Les principaux changements incluent :
- Le recul de Copilot : Microsoft a mis en pause le développement de nouveaux boutons Copilot dans les applications natives et réévalue leur présence dans le Bloc-notes et Paint, avec une possible suppression à la clé. L'objectif est d'être plus discret et pertinent.
- Suppression de fonctionnalités : Des micro-assistants comme les « Actions suggérées » ont été retirés des versions préliminaires. Alléger l'interface est toujours un pas en avant, surtout pour des fonctions peu utilisées.
- Priorité à la haute valeur ajoutée : Le focus se déplace vers un nombre restreint de fonctions d'IA qui améliorent réellement l'expérience utilisateur, évitant ainsi « l'IA pour l'IA ».
- Contrôles administratifs renforcés : De nouvelles options de stratégie de groupe (GPO) et de gestion d'appareils (MDM) apparaissent, permettant aux administrateurs IT de désactiver ou d'auditer les fonctions d'IA, répondant ainsi à un besoin crucial des entreprises.
- Liberté de choix : Les utilisateurs peuvent désormais désinstaller Copilot, empêcher son lancement au démarrage et désactiver Recall. Même la touche dédiée Copilot sur les nouveaux claviers devient reconfigurable.
Ces efforts font partie d'un plan global visant à « réparer » Windows 11 en 2026, afin de restaurer la crédibilité de Microsoft auprès de sa vaste base d'utilisateurs.
Au-delà des boutons : les ambitions discrètes mais réelles de Microsoft
Il est important de noter que ce pivot ne signifie pas l'abandon de l'intelligence artificielle.

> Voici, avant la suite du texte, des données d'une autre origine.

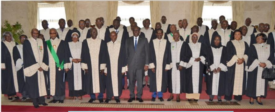
Members of the Academy At the center is the President of the Republic of Senegal
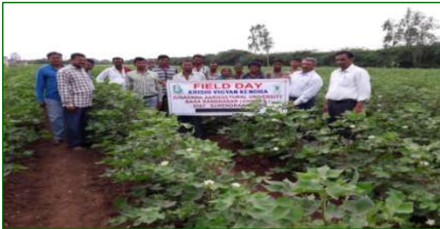
Celebration of field day on cotton at Doliya village of Sayla taluka on 22 th Sept 2017
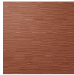
AVF13-543 ORIGAMI HOUSE
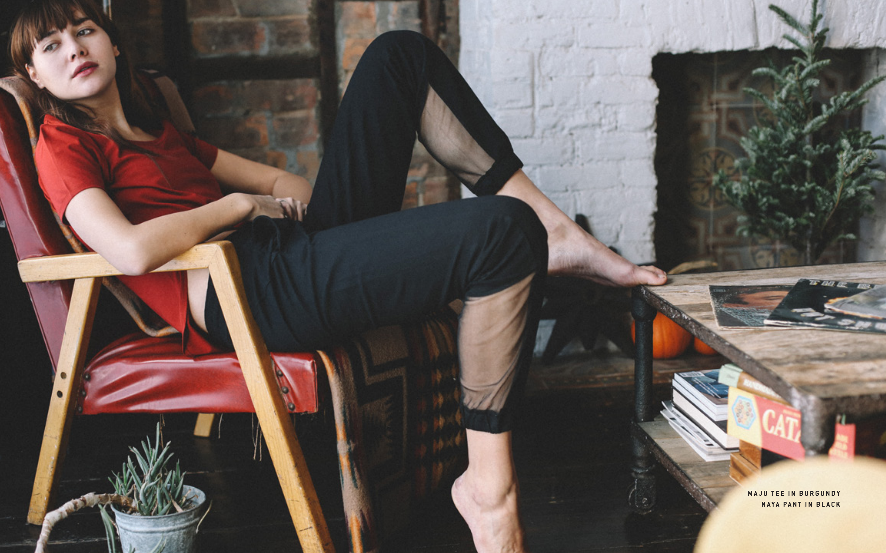
MAJU TEE IN BURGUNDY NAYA PANT IN BLACK
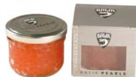
SM009 - g. 100 Balik Pearls (salmon eggs)
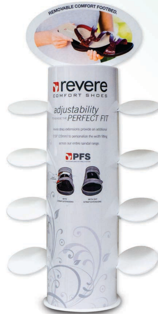
8 Shoe Table Top Stand with interchangeable, Seasonal Header
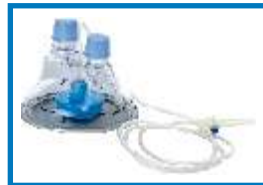
Neonatal disposable Auto feed water chamber
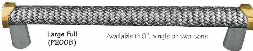
Large Pull (P2008)
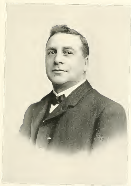
HON. GEORGE SAMUELS
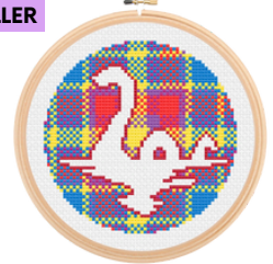
LOCH NESSIE ENCIRCLED/ WS 318
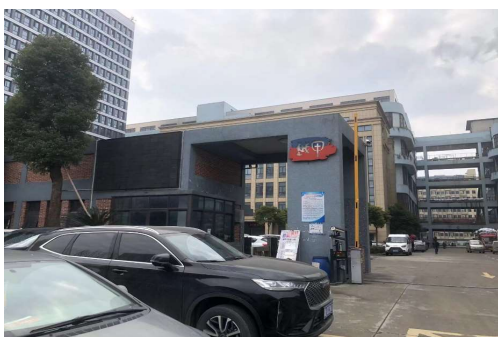
Photo of facility gate

Testing period: From 03 Jan, 2023 PM to 10 Jan, 2023 Testing period Subcontracted Lab (if applicable): Not Applicable
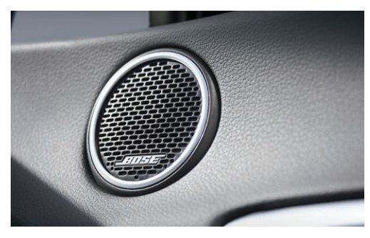
Standard Surround View Monitor Standard Bose® premium audio with 12 speakers
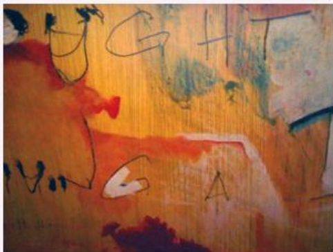
Can't Stand A Day Living Without You - at Andaz San Diego

How about a wall theme? A WHAT theme. A WALL theme. Take Andaz San Diego, a lifestyle luxury hotel. It is full of eye-catching walls.
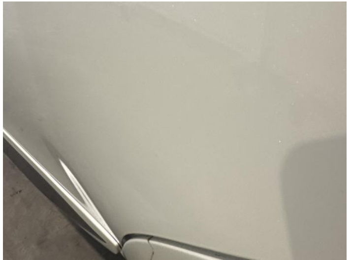
12: Door nsr Dented Over 30mm
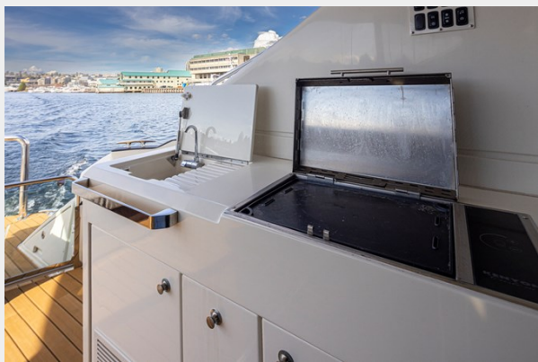
The Belly 18 L
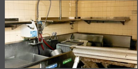
STAND ALONE BUILDING
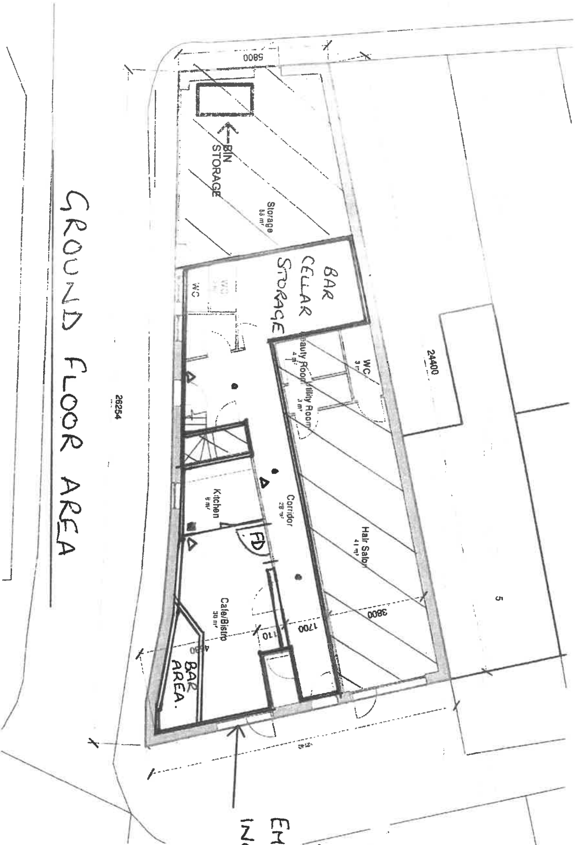
Ground Floor Plan 1:100
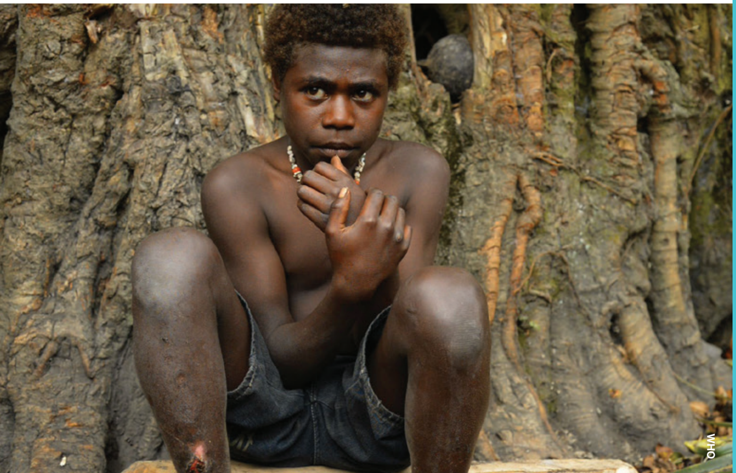
A yaws patient in Vanuatu.
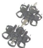
Up to 12x 30mm places Bloating and Hybridization rack.
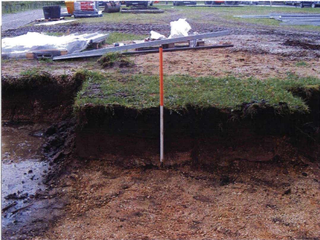
Plate 3: North-facing section . Facing South.

Il s'agit plutôt d'un raffinement stratégique. En coulisses, les efforts se poursuivent sur des fondations techniques que nous jugeons bien plus saines pour l'avenir de la plateforme :
- Recherche sémantique : Améliorer la recherche locale grâce à la compréhension contextuelle, une fonction qui apporte une réelle valeur ajoutée.
- Espace de travail agentique : Fournir des frameworks aux développeurs pour créer des applications intelligentes de manière structurée.
- APIs Windows ML et Windows AI : Investir dans le cœur du système pour que Windows reste une plateforme compétitive pour les développeurs d'IA.
- Moteurs d'exécution locaux (runtimes) : Indispensables pour traiter l'IA directement sur l'appareil, garantissant rapidité et respect de la vie privée.
Ces fondations permettent à Windows de rester dans la course technologique sans répéter les erreurs de sur-exposition passées. Des fonctions comme Windows Studio Effects (amélioration de la webcam en temps réel) continuent de prouver que l'IA, lorsqu'elle est intégrée de manière transparente et utile, est parfaitement acceptée.
Microsoft peut-il regagner la confiance ? Notre analyse de la vision « Wiser Windows »
Le retrait de la stratégie « l'IA partout » est un aveu important de la part de Microsoft. En limitant la présence visuelle de Copilot, en revoyant Recall et en privilégiant la stabilité, l'entreprise tente de reconstruire un lien de confiance.
Le défi pour Microsoft sera désormais de trouver le juste équilibre : intégrer des capacités d'IA puissantes de manière fluide, sans sacrifier la vie privée, la sécurité ou la fluidité du système. L'ambition du « PC IA » demeure, mais le chemin pour y parvenir semble aujourd'hui beaucoup plus mesuré, réfléchi et, nous l'espérons, réellement centré sur l'utilisateur. Reste à savoir si les utilisateurs pardonneront les erreurs passées pour adopter cette nouvelle approche plus prudente.